Come saldare ad arco: si effettua utilizzando una saldatrice che produce un potente arco elettrico in grado di fondere una bacchetta di metallo (detto “d’apporto”) rivestita di materiale disossidante.

Nella saldatura “ad arco” il metallo fuso, depositato in corrispondenza delle giunzioni delle piattine, raffreddandosi, ritorna ad assumere la consistenza del ferro e assicura una robustissima unione.

La tecnica di saldatura non è particolarmente difficile da imparare per un fai da te, ma sono necessarie alcune prove prima di passare ad una costruzione vera e propria. In commercio si trovano le praticissime saldatrici ad “inverter” molto più leggere e maneggevoli di quelle tradizionali, che si rivelano ottime per lavori di bricolage.
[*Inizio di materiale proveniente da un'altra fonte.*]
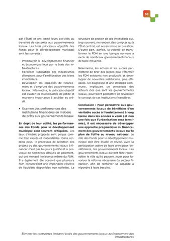 structure de gestion de ces institutions qui, trop souvent, ne rendent des comptes qu’à l’État central, est aussi remise en question. D’autre part, parfois, la volonté de transformer le FDM en une banque normale a exclu de nombreux gouvernements locaux de taille moyenne. Néanmoins, les échecs et les succès permettent de tirer des leçons pour réformer les FDM existants non productifs et développer de nouvelles institutions, plus efficaces. Un diagnostic et une stratégie commune, impliquant un consensus des acteurs clés que sont les gouvernements locaux, pourraient permettre de revitaliser le concept de ces institutions financières. Conclusion : Pour permettre aux gouvernements locaux de bénéficier d’un véritable accès à l’endettement à long terme dans les années à venir (et non une fois que l’urbanisation sera terminée), il est nécessaire de développer une approche pragmatique du financement des gouvernements locaux sur le plan de l’offre au niveau national. Le rôle des Fonds pour le développement municipal doit être étudié et révisé, avec la participation active de leurs principaux bénéficiaires, les gouvernements locaux. Les gouvernements locaux doivent faire reconnaître le rôle qu’ils peuvent jouer pour favoriser la réforme nécessaire du secteur financier, afin de renforcer sa capacité à répondre à leurs besoins.
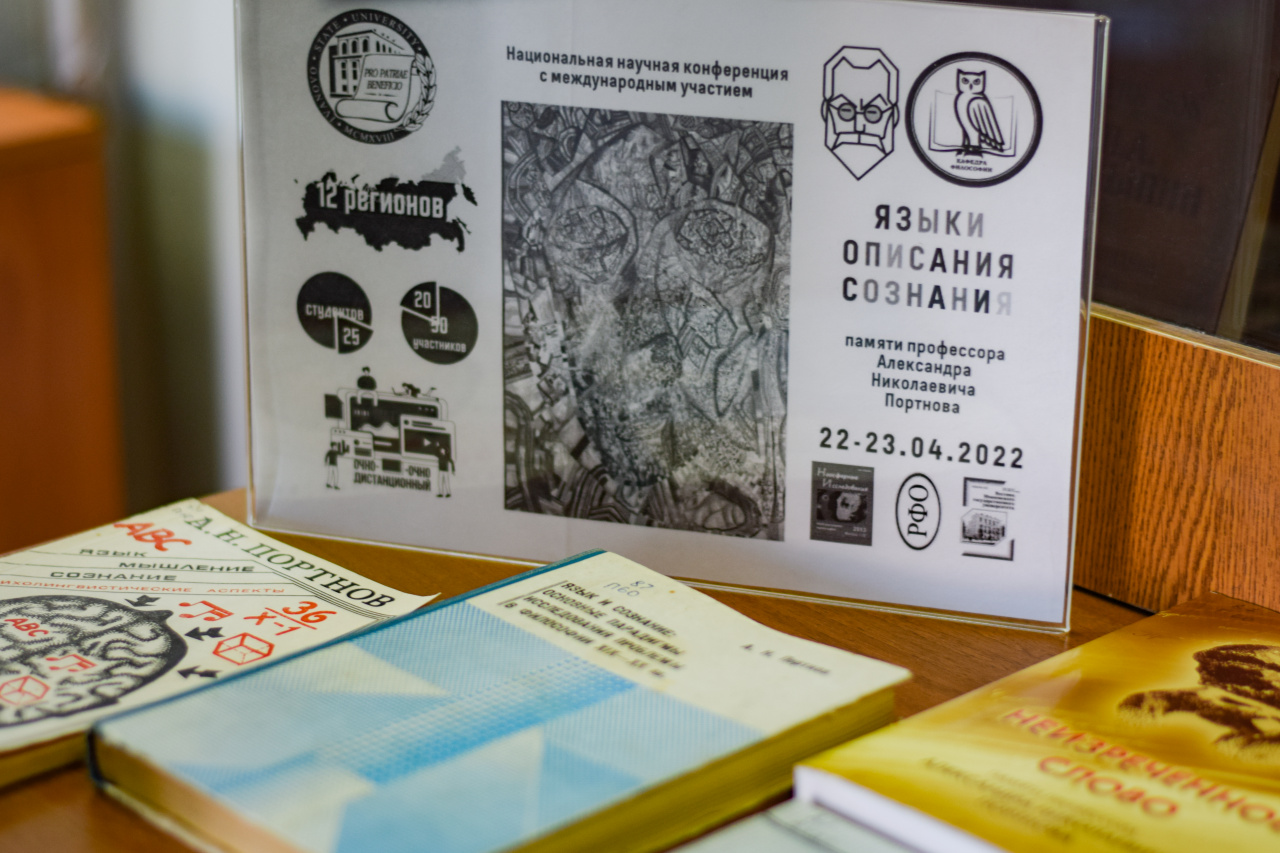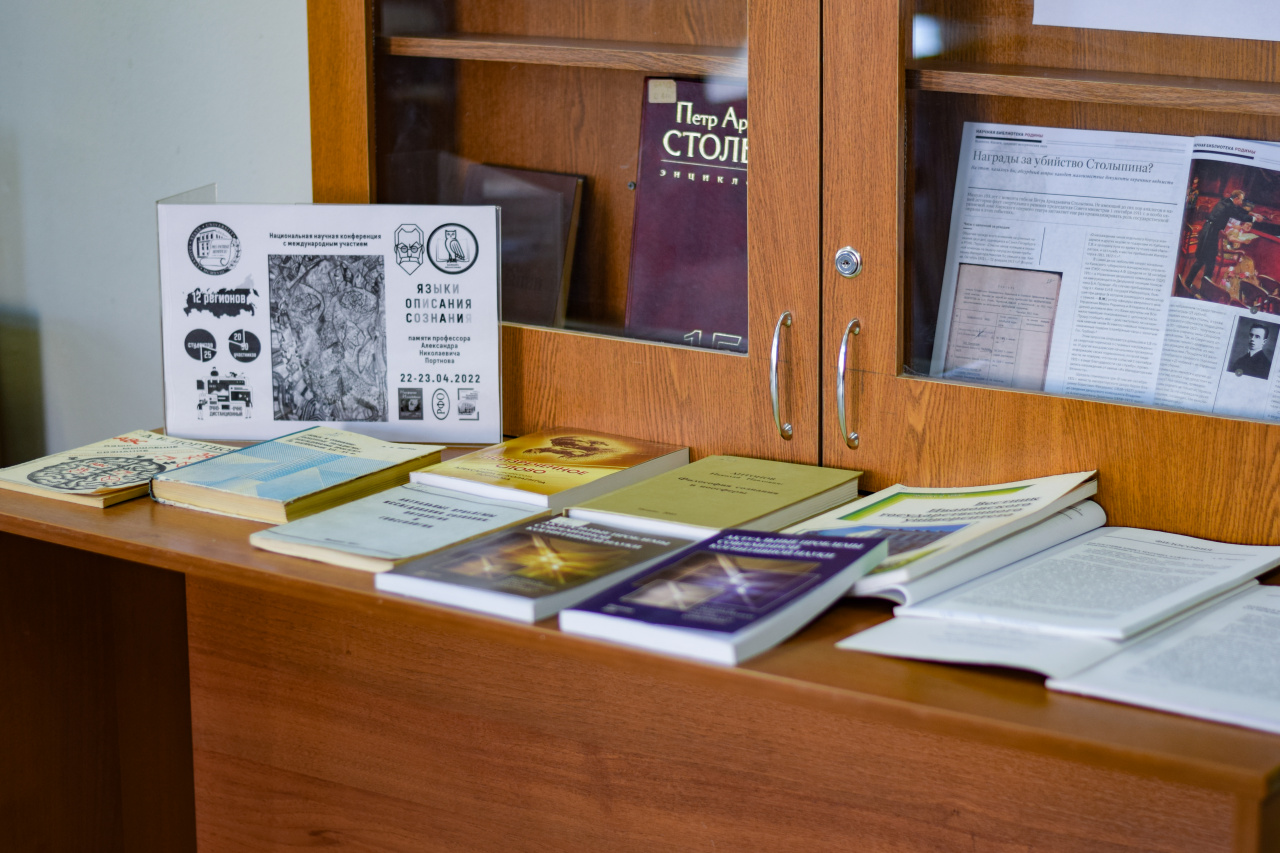 На выставке представлены монографии А.Н. Портнова, статьи в журнале «Вестник ИвГУ», материалы конференции «Актуальные проблемы современной когнитивной науки» (2008–2014), у истоков которой стоял А.Н. Портнов.
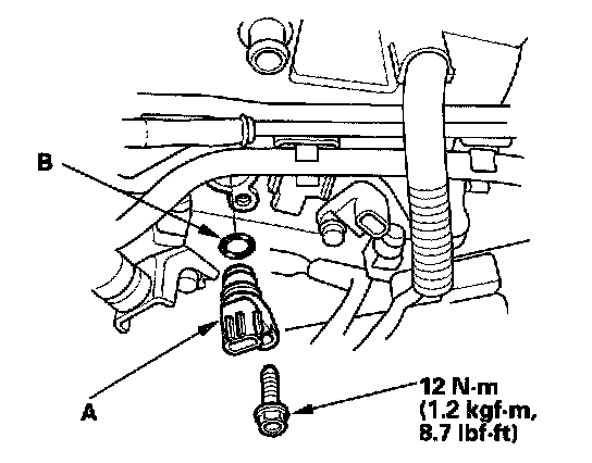 Install the sensor in the reverse order of removal with a new O-ring (B).
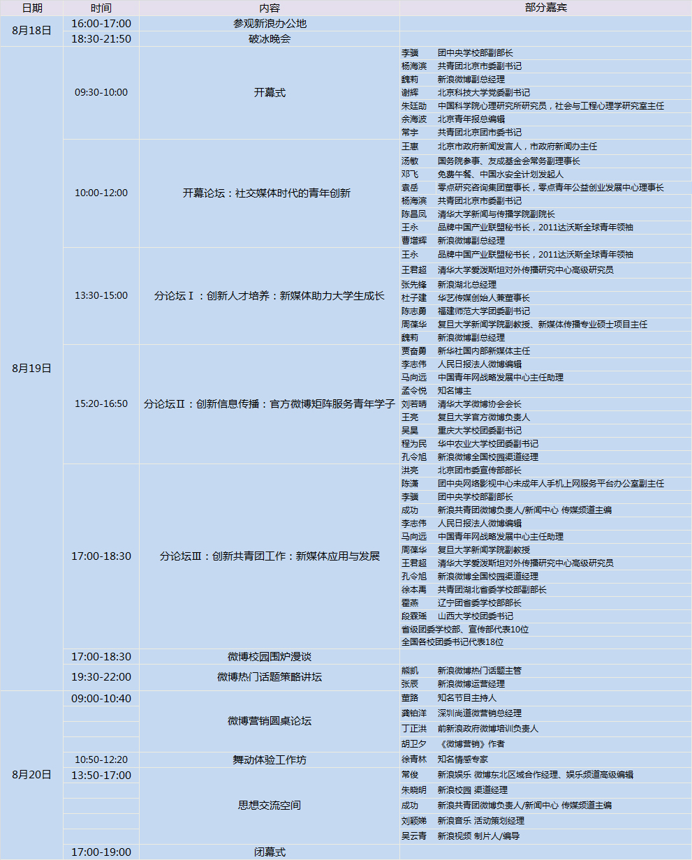 新浪微博全国校园渠道经理孔令旭 中国青年网战略发展中心主任助理马向远 知名博主孟令悦
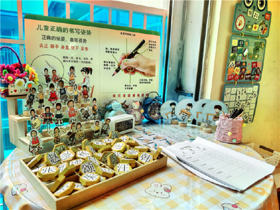 此外,四里河畔园立足幼小衔接关键阶段,聚焦幼儿语言发展,在语言区深度渗透听说读写核心经验。通过识字小报、汉字寻宝、生活识字角等多种形式,引导幼儿在生活中发现汉字、认识汉字,激发前阅读与前书写兴趣。同时,在晨间自主签到环节,园区投放数字时钟、指针时钟、汉字描红等不同层次材料,将语言发展、时间认知、前书写练习自然融入一日生活,扎实有序推进幼小衔接各项工作。
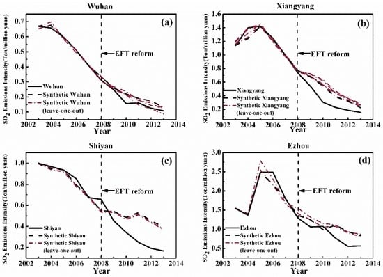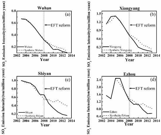 Trends in SO2 Emissions Intensity: Target Cities versus Synthetic Cities (Wuhan, Xiangyang, Shiyan and Ezhou). Notes: Solid lines represent the target cities. Dash lines correspond to the synthetic cities. Vertical dash lines delineate time of reform. (a–d) Wuhan, Xiangyang, Shiyan and Ezhou, respectively, all of which have good fitting and obvious emission intensity reduction effects. Source: authors’ computation by synthetic control program in STATA 12.
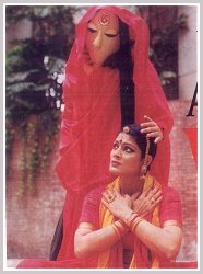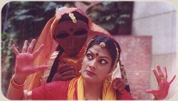 One of the interesting aspects of this production was the interweaving of the dancers and the puppets and puppeteers. The puppets are visualized as the alter egos of the protagonist. There were different kinds of puppets - stylized as well as figurative puppets, puppet-puppets and human puppets, the dancing puppets as well as static puppets. In fact, the puppetry and the dancing were not well balanced. The puppets tended to overshadow the dancers most of the time. Some more of dance may have energized the production. However, the puppets by themselves instilled new dimensions in this production. The most remarkable puppet was the big white one made of sponge - just a face and two hands - which remained as an installation in the background and moved in wherever needed. The movement of this puppet was especially good. The human puppets were very effective, but their movements were clumsy and could have been choreographed better. The puppet, which disappointed me, was the main "Draupadi" puppet. Its movements were clumsy and manipulated in an obvious manner. The music was good and created a good ambience for the production. The lighting was good. The other aspect of the production which somewhat negated the whole production was the wordiness of the script. Everything that had to be said was said in the script. The emotions were all conveyed through the voice of the narrator. So, there was very little left for the dancers to communicate. The wordiness of the script tended to give a propagandist, agit-prop touch to the entire production. A fragmented and more suggestive script and a little less literal interpretation by the dancers would have enhanced the production. But, as the producers themselves are treating this as an ongoing and changing piece, Her voice would evolve in a better form soon. As all experiments,
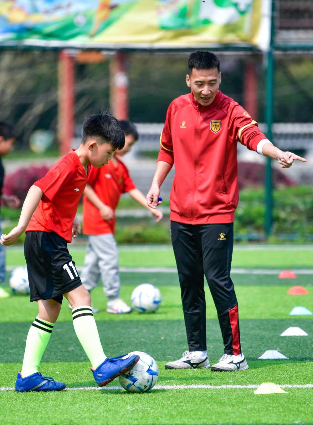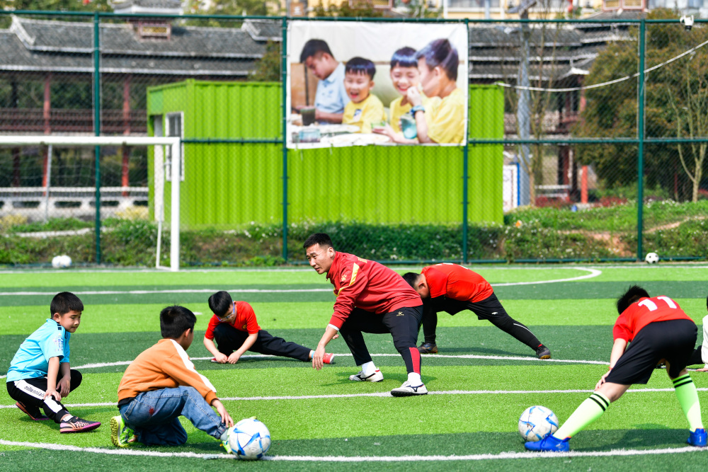 董永恒(右)为榕江县的孩子进行足球基本功培训(3月23日摄)。新华社记者 杨文斌 摄
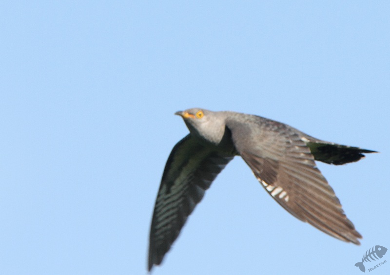 De Koekoeken hoorde ik de hele tijd al roepend rondvliegen tussen een bomenrij en de struikenrij waar ik stond. Ze lieten niet alleen het alom bekende “koekoek” horen, maar ook hun kenmerkende “lachen”. Ik wilde graag eens een goede foto van deze soort, dus ik ben tussen de struiken gaan staan (en tussen de muggen) en heb een tijd staan wachten op wat zou komen. Verschillende keren lieten de Koekoeken zich goed zien. Het bleek alleen erg lastig om ze vast te leggen: vaak zag ik ze net te laat, focuste het toestel niet goed of waren ze gewoon te snel. Op een bepaald moment kwam er ook ééntje achter me zitten, op ongeveer 4 meter afstand, maar dit was weer tegen de zon in! Het was erg spannend, maar mooie/goede plaatjes heeft het niet opgeleverd. Volgend jaar opnieuw?
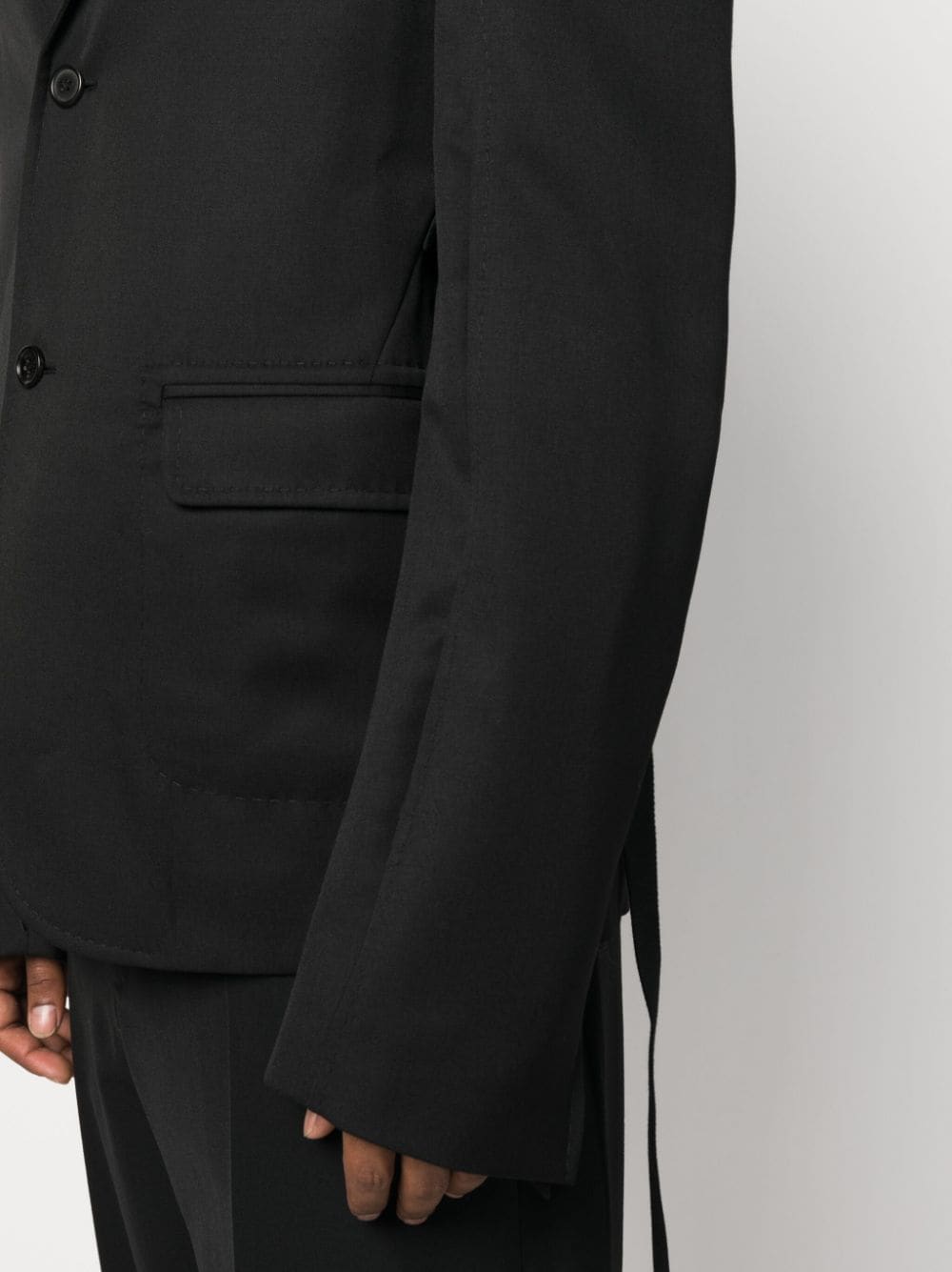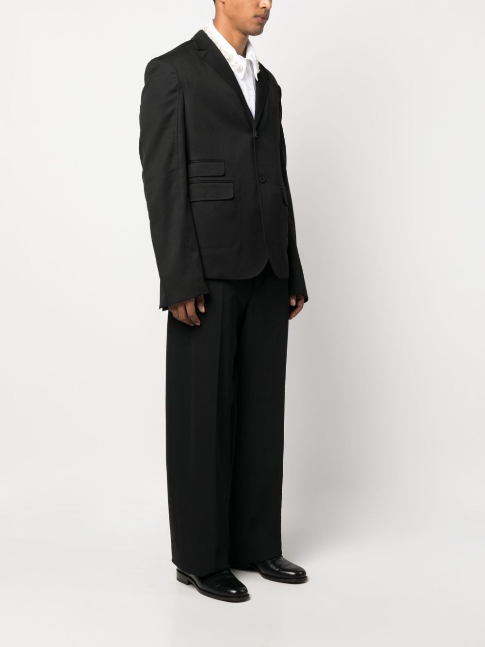 Be effortlessly stylish with LA VESTE PICCINNI. This slim fit blazer, made from premium wool, features contrasting stitching and a notched collar. Complete with regular shoulder details and a single button closure, it also has a pocket square holder and 3 flap pockets for all your essentials. Upgrade your casual style effortlessly. Avalable in black.

Leggi la nostra guida su come saldare correttamente

FASI DELLA SALDATURA

  1. I pezzi da saldare vanno tagliati di misura con tagli precisi e lineari in modo da realizzare un buon accostamento con gli altri pezzi.
  2. I bordi che vanno saldati devono essere, in genere, smussati in modo da formare una sede per il metallo d’apporto che fonde.
  3. Il metallo va sempre disossidato e pulito da eventuali tracce di grasso in modo da rendere il contatto elettrico sicuro e stabile.
  4. Si collegano alla saldatrice la pinza di massa e quella che afferra la bacchetta. Si regola l’intensità di corrente in funzione del diametro della bacchetta.
  5. La pinza di massa si collega al metallo e si porta a contatto con questo la bacchetta che fondendo realizza la saldatura.
  6. Alcuni punti di saldatura permettono di collegare i pezzi prima di procedere della saldatura finale lungo tutta la linea di contatto.